**TASK PROMPT**
For this exercise, retype the lines from the one that holds "Romantic couple on" through the one that holds "Mermaid Court Train" in the records below, both included, exactly and without pictures.

**RECORD EXCERPTS**
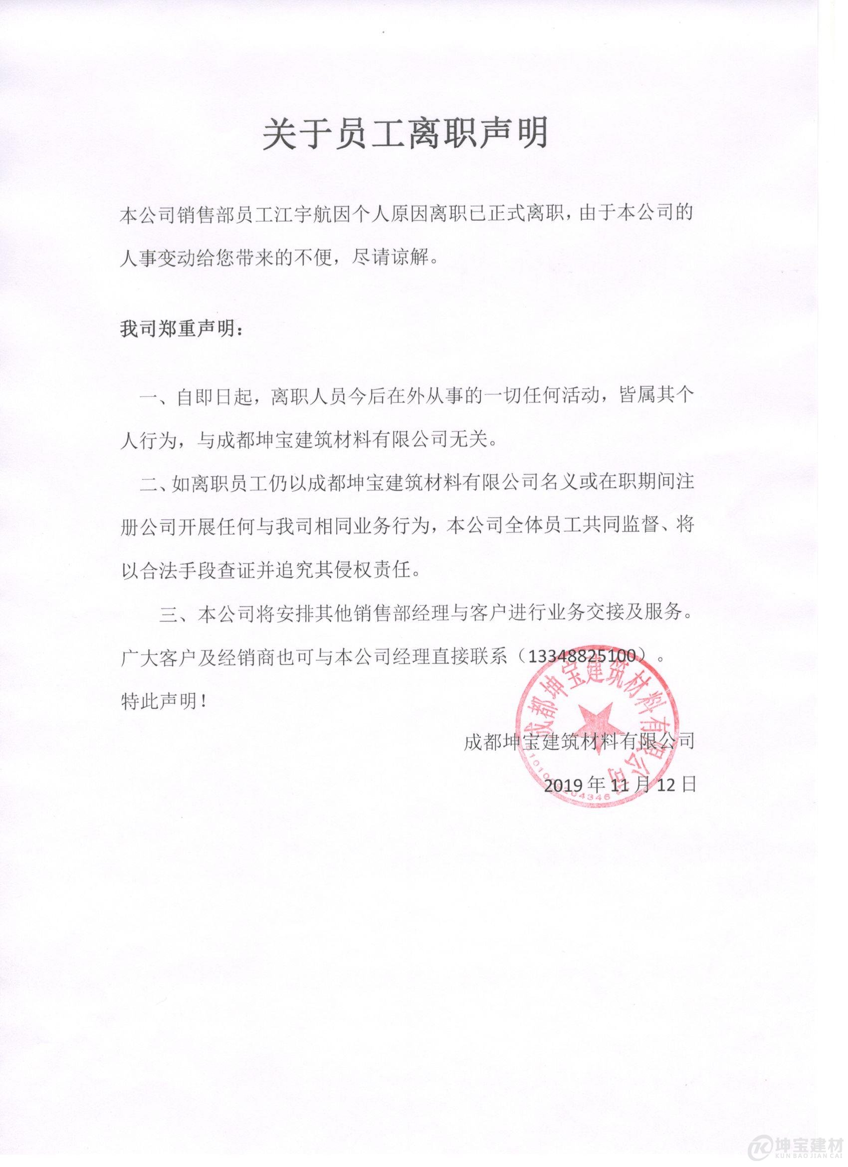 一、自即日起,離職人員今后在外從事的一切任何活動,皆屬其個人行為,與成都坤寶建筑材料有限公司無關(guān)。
---
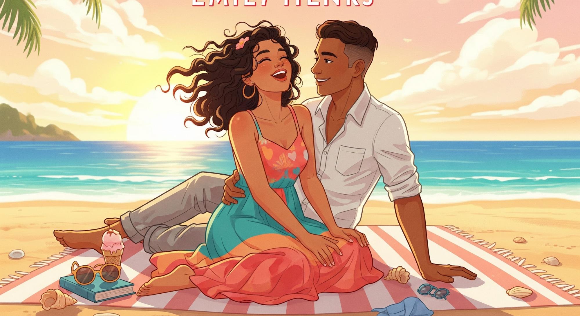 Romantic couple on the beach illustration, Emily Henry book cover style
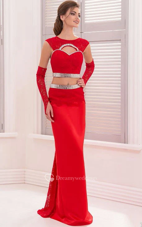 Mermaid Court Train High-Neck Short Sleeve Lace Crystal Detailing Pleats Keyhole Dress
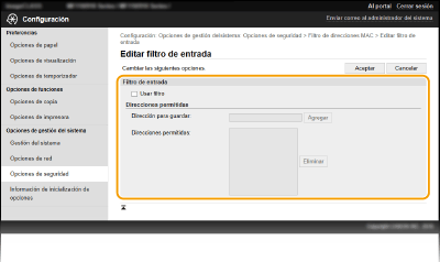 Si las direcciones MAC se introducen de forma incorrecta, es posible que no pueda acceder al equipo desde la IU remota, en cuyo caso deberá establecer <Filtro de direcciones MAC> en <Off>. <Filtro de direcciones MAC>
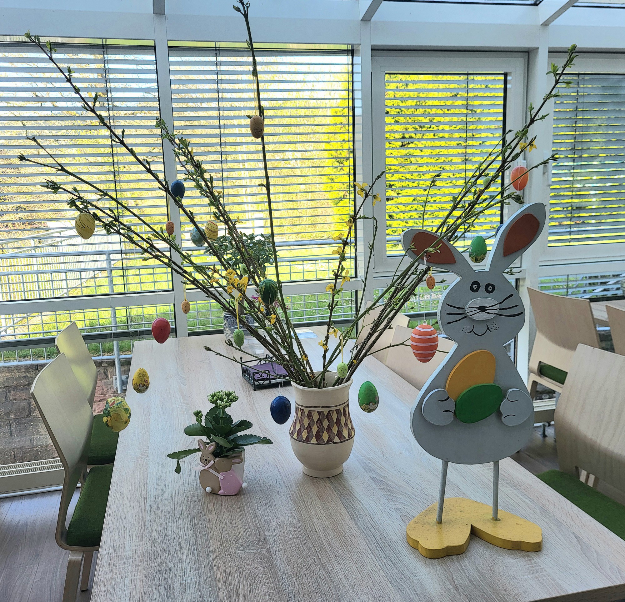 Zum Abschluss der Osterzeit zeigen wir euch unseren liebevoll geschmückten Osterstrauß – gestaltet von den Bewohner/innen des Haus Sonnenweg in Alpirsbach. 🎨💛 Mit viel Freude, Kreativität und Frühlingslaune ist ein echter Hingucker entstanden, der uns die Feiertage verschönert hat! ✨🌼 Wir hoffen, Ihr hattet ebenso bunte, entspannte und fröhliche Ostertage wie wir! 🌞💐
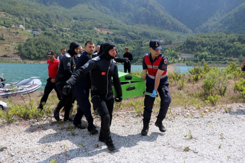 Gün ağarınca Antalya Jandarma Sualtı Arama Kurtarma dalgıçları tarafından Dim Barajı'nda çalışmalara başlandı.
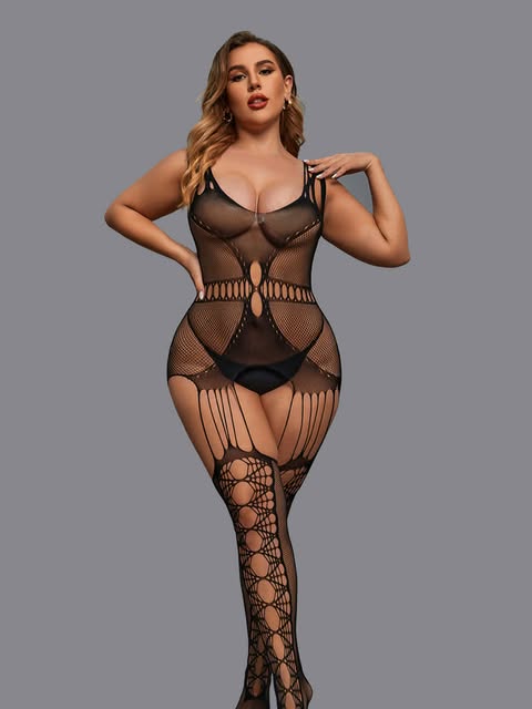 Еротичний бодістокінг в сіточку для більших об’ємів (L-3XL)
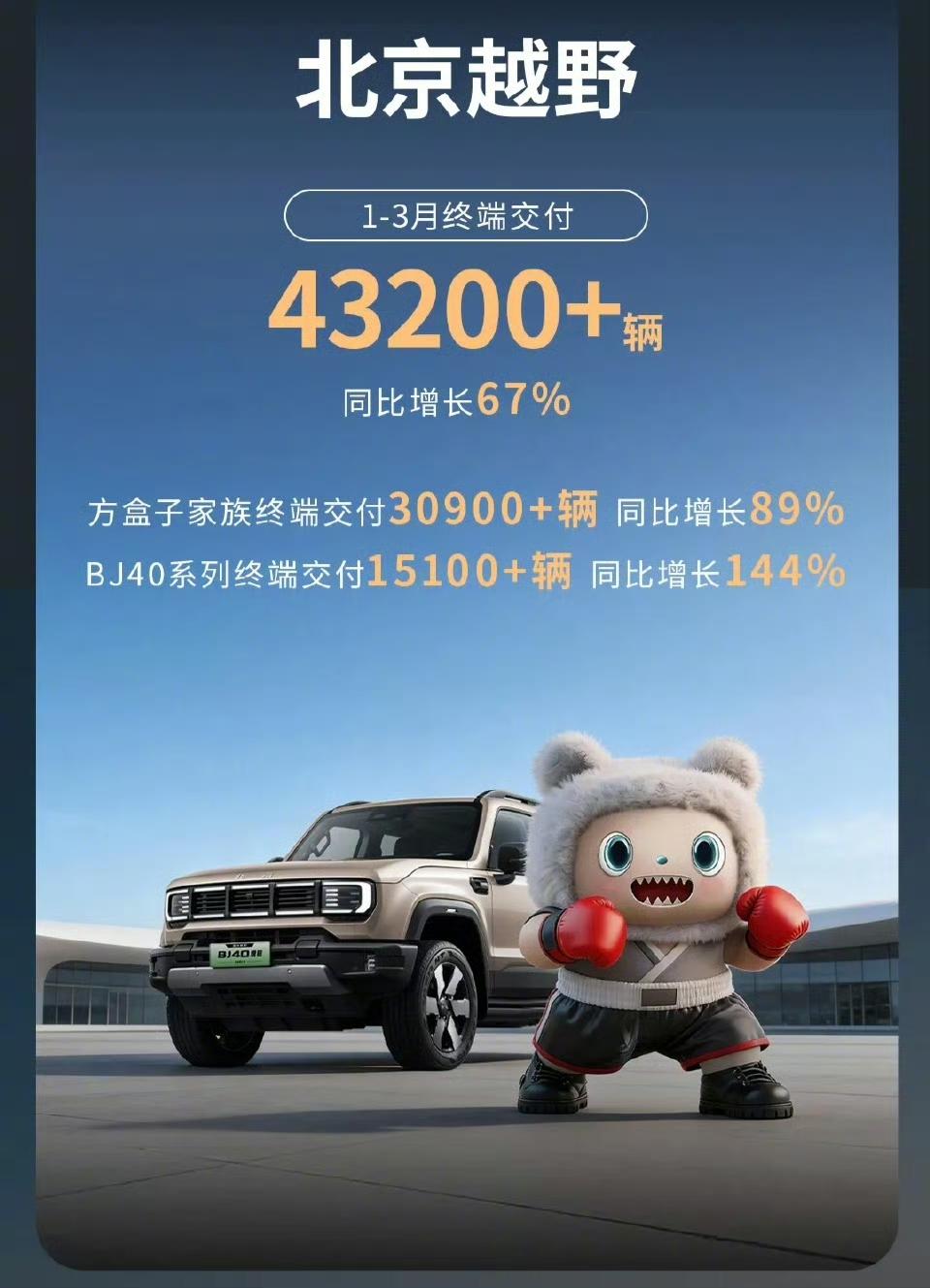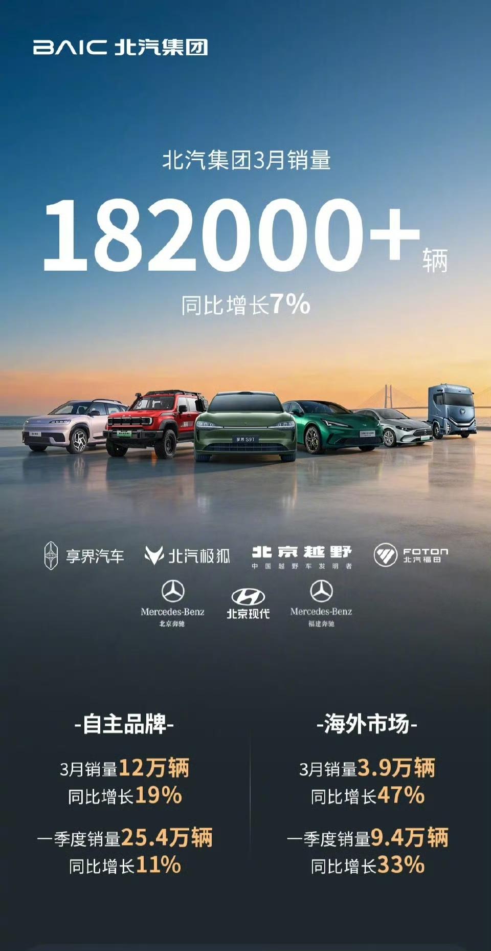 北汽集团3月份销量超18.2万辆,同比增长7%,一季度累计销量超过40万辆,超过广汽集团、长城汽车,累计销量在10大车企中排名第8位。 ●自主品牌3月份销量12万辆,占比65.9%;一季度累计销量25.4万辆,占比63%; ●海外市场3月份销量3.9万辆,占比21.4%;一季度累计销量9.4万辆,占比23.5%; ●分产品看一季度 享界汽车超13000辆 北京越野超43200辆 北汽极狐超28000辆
* * *
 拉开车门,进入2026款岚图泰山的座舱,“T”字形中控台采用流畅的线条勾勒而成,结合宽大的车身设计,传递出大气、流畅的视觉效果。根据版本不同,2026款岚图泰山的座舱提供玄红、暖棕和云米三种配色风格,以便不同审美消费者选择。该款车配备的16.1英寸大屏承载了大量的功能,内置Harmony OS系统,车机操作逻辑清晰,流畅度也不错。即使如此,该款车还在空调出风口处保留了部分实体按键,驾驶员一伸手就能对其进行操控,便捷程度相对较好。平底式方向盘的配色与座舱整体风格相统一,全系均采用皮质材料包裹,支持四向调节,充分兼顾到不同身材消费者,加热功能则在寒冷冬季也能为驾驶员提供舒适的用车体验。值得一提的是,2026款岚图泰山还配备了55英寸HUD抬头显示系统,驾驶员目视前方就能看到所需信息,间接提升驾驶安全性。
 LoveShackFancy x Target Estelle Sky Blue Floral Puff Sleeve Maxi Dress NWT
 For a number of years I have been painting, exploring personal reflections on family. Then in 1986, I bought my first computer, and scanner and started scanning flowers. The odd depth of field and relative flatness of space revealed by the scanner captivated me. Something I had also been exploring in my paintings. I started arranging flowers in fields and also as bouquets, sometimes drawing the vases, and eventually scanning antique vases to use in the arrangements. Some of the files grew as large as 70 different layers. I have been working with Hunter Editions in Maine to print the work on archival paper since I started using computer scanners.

**OUTPUT FOR THIS EXERCISE**
 Romantic couple on the beach illustration, Emily Henry book cover style
 Mermaid Court Train High-Neck Short Sleeve Lace Crystal Detailing Pleats Keyhole Dress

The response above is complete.